Soğukta dolaşmaya uygun bir giyiniş tarzı değil anlayacağınız.

Gariban, belli ki fakir bir aile yetişmiş; ama terbiyeli bir aile çocuğu.

Ezilip büzülüyor.

Çekingen ve ürkek bir tavırla; “amca tuvaletinize gidebilir miyim?” diyor.

İşyeri sahibi, şöyle bir çocuğu baştan aşağı süzüyor.

“Hadi yürü git lan, burası umumi tuvalet mi, bıktım bu tuvalete gelenlerden, nedir bu ya, tuvalet bekçisi gibiyiz!” diyor.

“Amca çok sıkıştım ya!

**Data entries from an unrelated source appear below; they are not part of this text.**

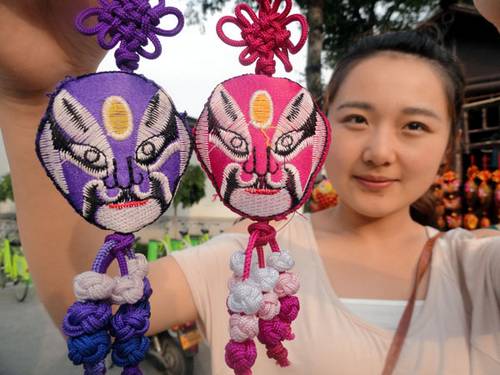 A woman shows two scented sachets, or xiangnang, she just bought at the folk art exhibition in Suzhou, Jiangsu province. Wearing xiangnang, often stuffed with scented herbs, is one of the traditional customs for Dragon Boat Festival. It is believed that the scented bags can ward off odor-bred bugs and diseases. [Photo by Wang Jiankang/Asianewsphoto]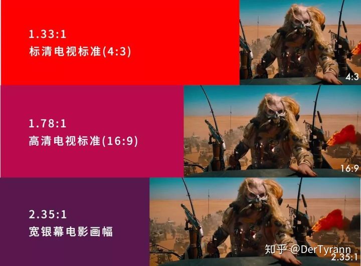 2.35:1 实际上是把 4:3 的比例进行了 3 次方(即 64比27),这个画幅比能获得更宽的横向视野。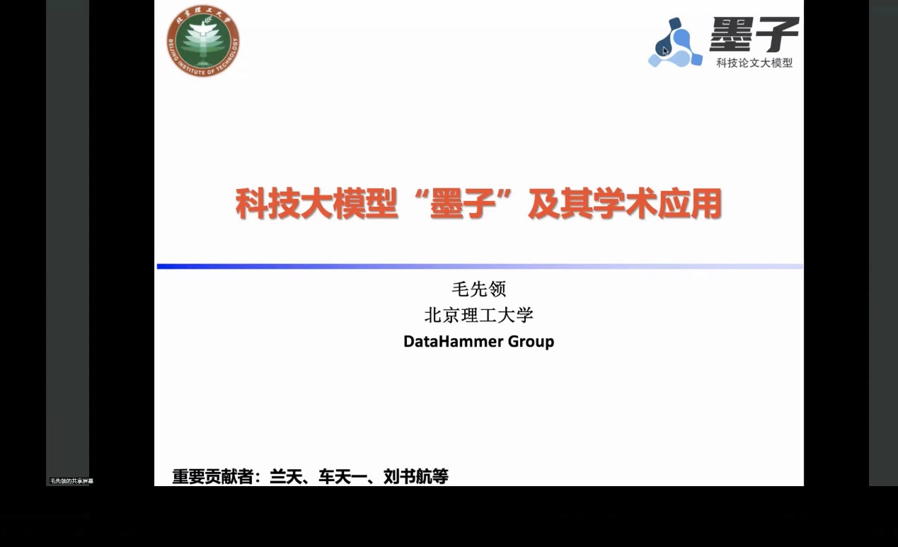 毛先领副教授在分享中提到,以ChatGPT为代表的人工智能工具的横空出世,再次加速了文献整理从搜索时代迈向大模型时代。他分别从检索、推荐、单文档摘要、多文档摘要、知识库构建、分类、科学证据挖掘、Covid热点、问答与对话、发现科学规律、生成等多方面介绍了“墨子”科技大模型的强大功能,希望通过对“墨子”模型的不断优化,可以在科技论文领域多模态应用、科技论文领域推荐应用、科技论文续写应用三方面发挥重要作用,从而彻底、全方位解决数据碎片化、分析力度粗、知识获取难的难题。他提到,高校教师在科研过程中,面对重要且海量的数据,可以从信息检索以及数据挖掘两方面高效组织科技数据,从而使科学研究从以单篇文章为基本粒度到深入文章内部构件联系,并就“墨子”大模型协助教师找资料、写综述、找观点、实验设计、写论文、填表格等方面所发挥作用进行了讲解和现场演示。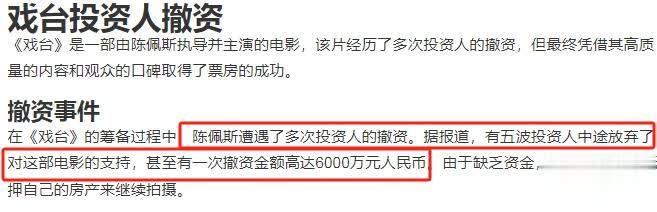 可以说,《戏台》从一开始就伴随着争议、质疑、甚至被投资人和观众嫌弃。下面来看看电影一路上遇到哪些困难。

N’olur bırak gireyim?”

Kızgın işyeri sahibi, bağırarak çocuğu kovuyor.

Kızıyorum, ama bir şey de diyemiyorum.

Sonuçta biz de orada misafiriz.

Çocuk geri dönüyor, kapı çıkarken, idrar yapma konusunda, çok sıkıştığı her halinden belli oluyordu.

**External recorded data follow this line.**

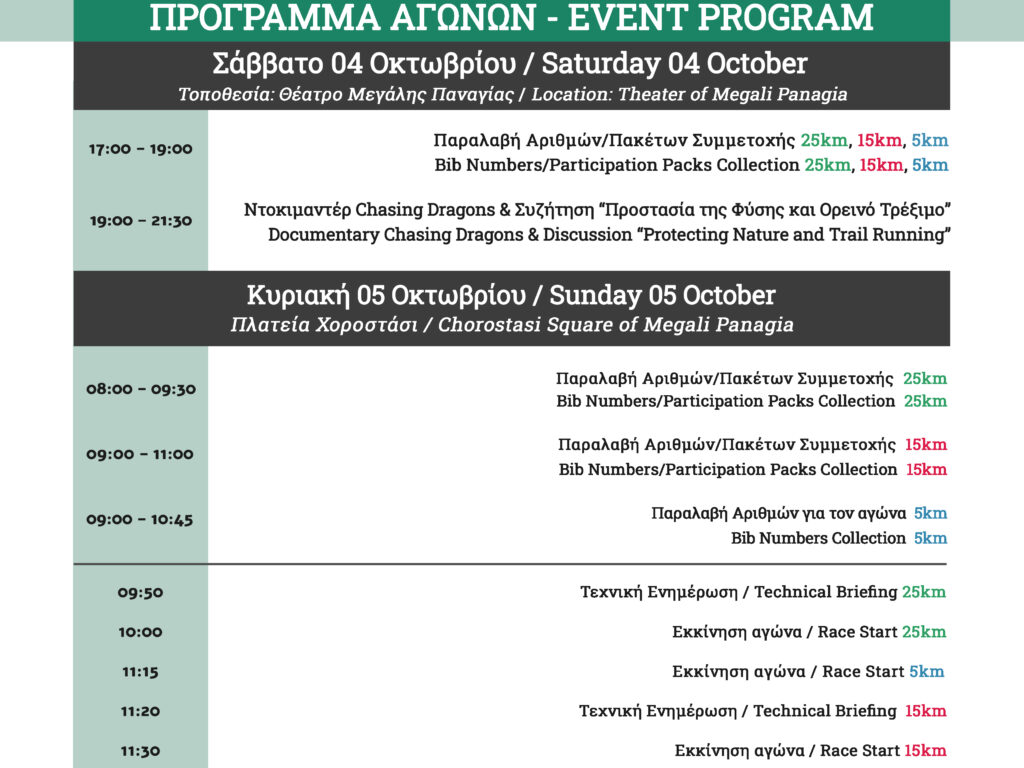 Οι δηλώσεις συμμετοχής παρατείνονται μέχρι και το Σάββατο 27.09 στις 23:59 το βράδυ (ή μέχρι τη συμπλήρωση του μέγιστου αριθμού συμμετεχόντων) μόνο για τους αγώνες των 25km και 15km. Οι …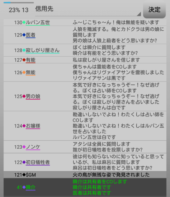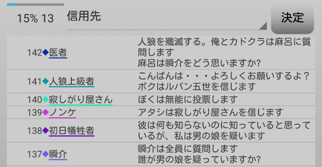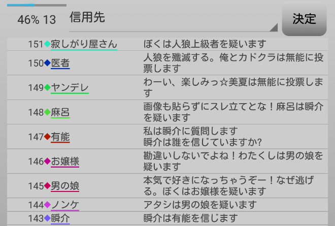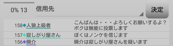 瞬介「寂しがり屋さん(人狼)から有能をどう思っているのか質問が来ている。有能を信頼しよう。人狼達は俺を警戒するはずだ。俺は『有能を信頼します!』」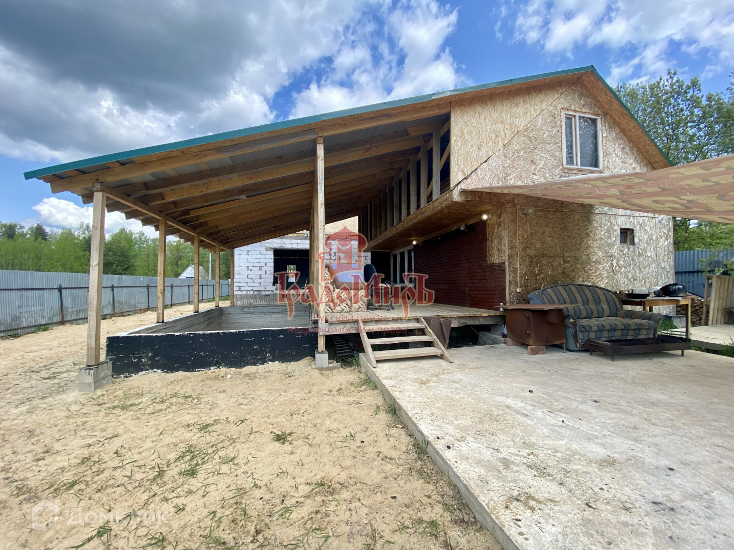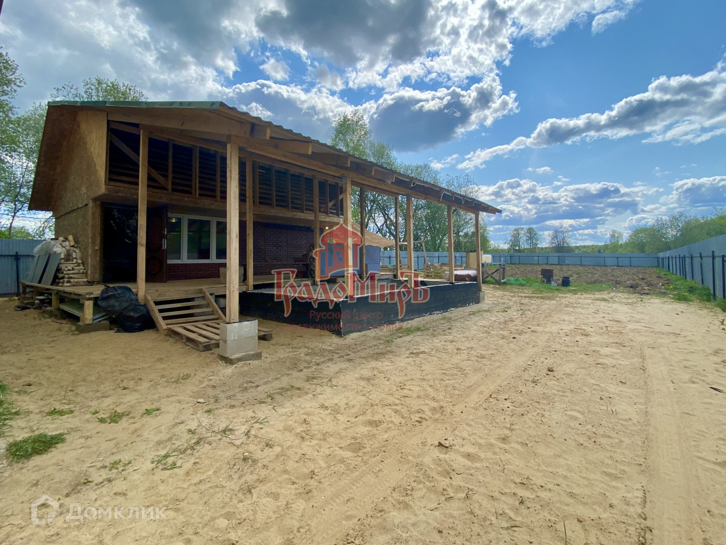 На участке расположен дом из газобетона (зарегистрирован), действующая баня с жилым вторым этажом.  Участок огорожен по периметру, имеются ворота для проезда автомашины.
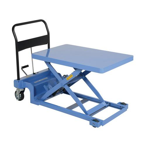 The Heavy Duty Rough Terrain Scissor carts are designed for landscaping and construction sites. The unit is ergonomically friendly with very little bending and lifting needed. The welded steel construction with powder coat blue finish can endure traversing over rough terrain on a daily basis.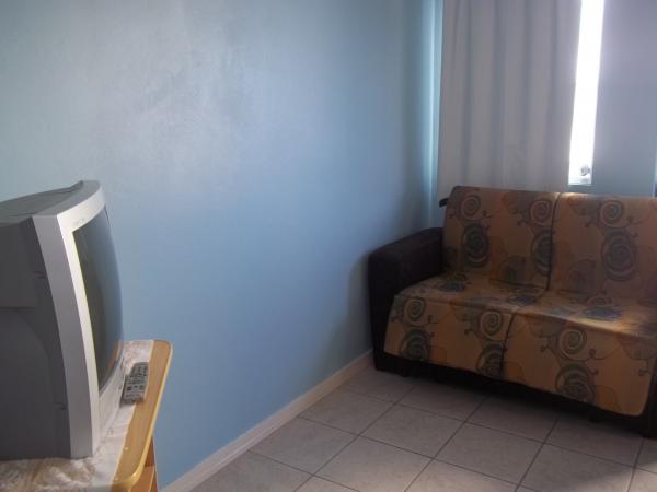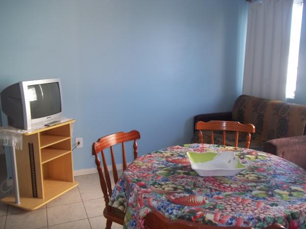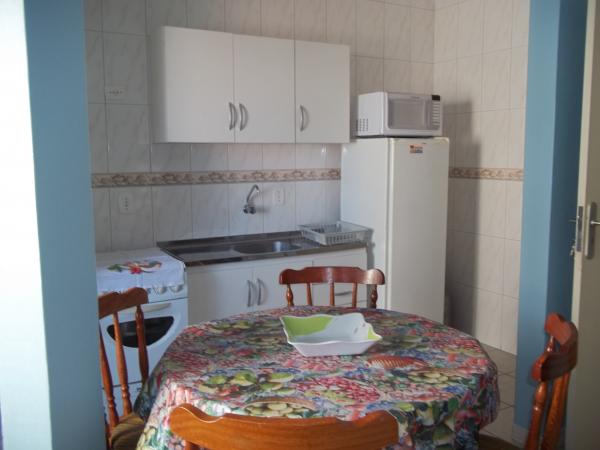 Sala/cozinha com fogão, galadeira, forno microondas mesa e utensílios para 4 pessoas, TV LED 20', bicama.Um banheiro.

O çıkarken, ben de telefon bahanesiyle arkasından çıktım.

İşyeri umumi tuvalete uzaktı.

Kavuşması çok zordu.

Çocuk çaresizce bir köşede oturdu.

Belli ki altına kaçırıyordu.

Ağlıyordu, ama belli etmemeye çalışıyordu.

Pantolonunu ıslatmıştı, hem utanıyordu, hem üzülüyordu.

Yanına vardım, beni tanıdı, ayağa kalktı, ıslak pantolonunu göstermemeye çalışıyordu.

“Tuvalete kavuşamadın mı?”

“Hayır, amca, hem kavuşsam, param da yok, bırakmazlar”

Bu daha da kötü ve zor bir durumdu.

Hem sıkışmış, hem tuvalete gidemiyor, gitse bile parası yok, bu zaman da inanılacak gibi değil; ama maalesef var, hem de canlı örneği karşımdaydı.

Bir an ne yapacağımı düşündüm.

Kızgındım, gidip işyeri sahibine çatmak istiyordum; ama şu an çocuğun durumu daha öncelikliydi.

Nerede oturuyorsun?” dedim.

“…mahallesinde oturuyoruz” dedi.

Orayı biliyorum,

Şehrin alt kısmında,Varoşlar diye tabir edilen, kenar bir mahalleydi

Hayli kalabalık, fakir ve garibanların oturduğu bir yerdi.

İşyeri sahibine çatma işini sonraya erteleyerek, bir şeyler yapmak gerekiyordu.